I'd quibble with the wording here: it's obvious that the ads "refer to [things] other than themselves"being (at least in part) a collage of images and texts the ads (at the very minimum) refer back to the source texts. But I think what the author here is expressing is doubt that the ads can be "solved" in such a way that yields a coherent statement about the world. This complaint raises a good question: does an amibiguous system of meaning need to have a decodable worldview behind it in order to be worthy of attention?
Frankly, I lean towards "no." Even if the Mayday Mystery system is ultimately undecodable, there are undeniable aesthetic pleasures to be gleaned from it. I enjoy being immersed into the welter of a thickly-referential text, just on the level of the individual reference: even if the references don't "add up" into a statement they still point me towards areas of knowledge that I'm not proficient in; they remind me of the immensity, complexity, and, ultimately, the unknowability of the world as a whole, which, for me, is a pleasing reminder. (I'd rather live in a world that was infinitely, richly unknowable rather than one that could be rather easily "solved.")

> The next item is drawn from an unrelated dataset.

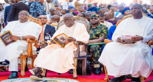 President Bola Ahmed Tinubu (middle), Governor Caleb Manasseh Mutfwang of Plateau State (l); and Prof. Nantawe Yilwatda, Chief Mourner and National Chairman of APC, at the Funeral Prayers for Late Mrs. Nana Lydia Yilwatda in Jos, Plateau State Capital Photo: State House
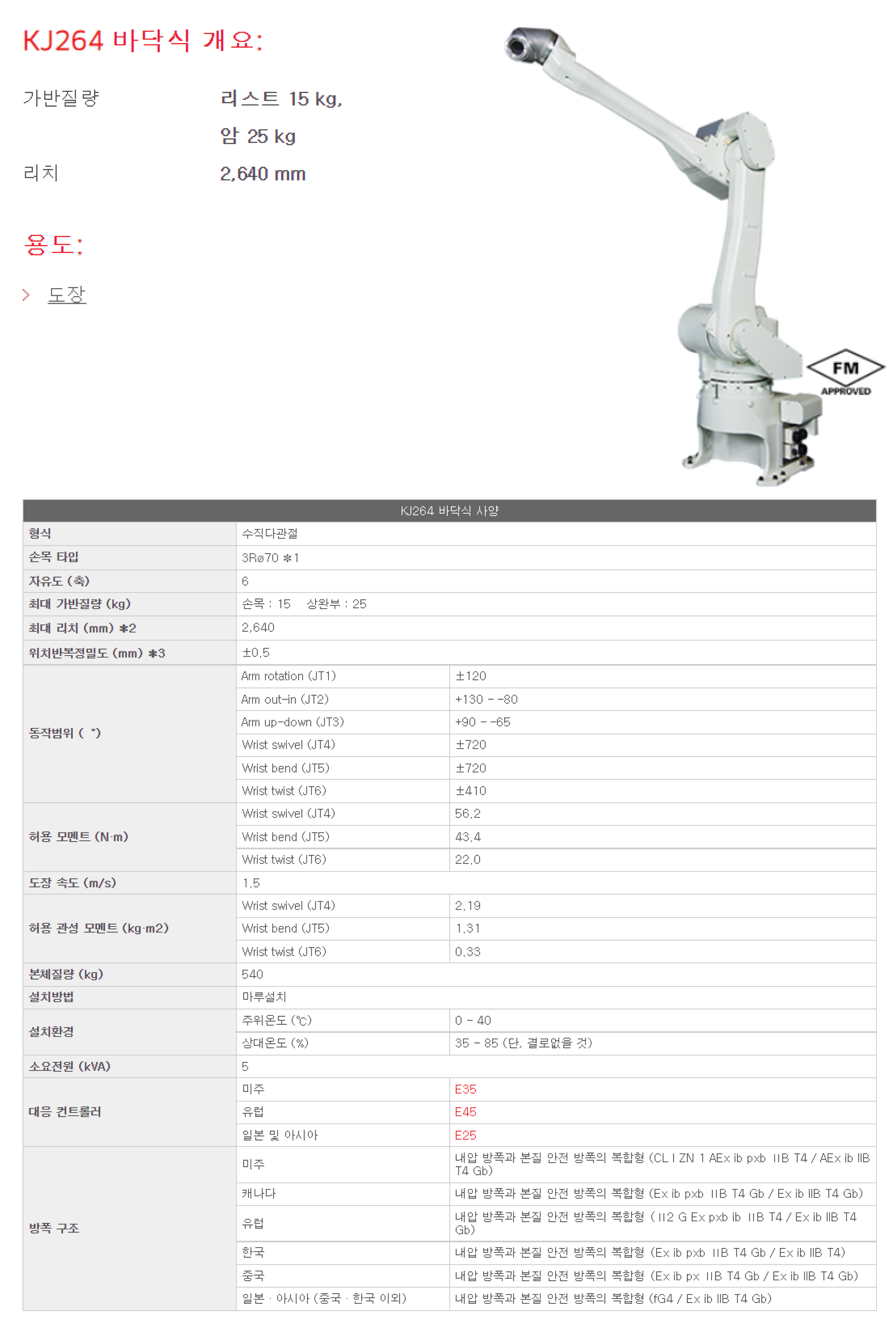 | 상품명(모델명) | Kawasaki 방폭도장로봇 KJ264 (Payload : 15 kg , Reach: 2,640 mm) | ||

It also seems undeniable that the Mayday texts aren't wholly random: on at least some level there is a human consciousness selecting and arranging this material (regardless of whether it is in accord with an internally consistent "plan" or not), and thus it allows me a glimpse into the subjective consciousness of another human being, which is one of the things that art is able to do. As for dismissing the work on the grounds that it might be a "product of insanity," I'd have to admit that whether an artistic subjectivity is generally considered "sane" or "insane" is not particularly important to me: we all know that the line between the two is more akin to a large, diffuse grey area. Furthermore, if we accept that one of the things that makes art valuable is its ability to expose us different points of view, then certainly artworks that help us gain access to "insane" points of viewthose most different from our ownare more valuable, not less.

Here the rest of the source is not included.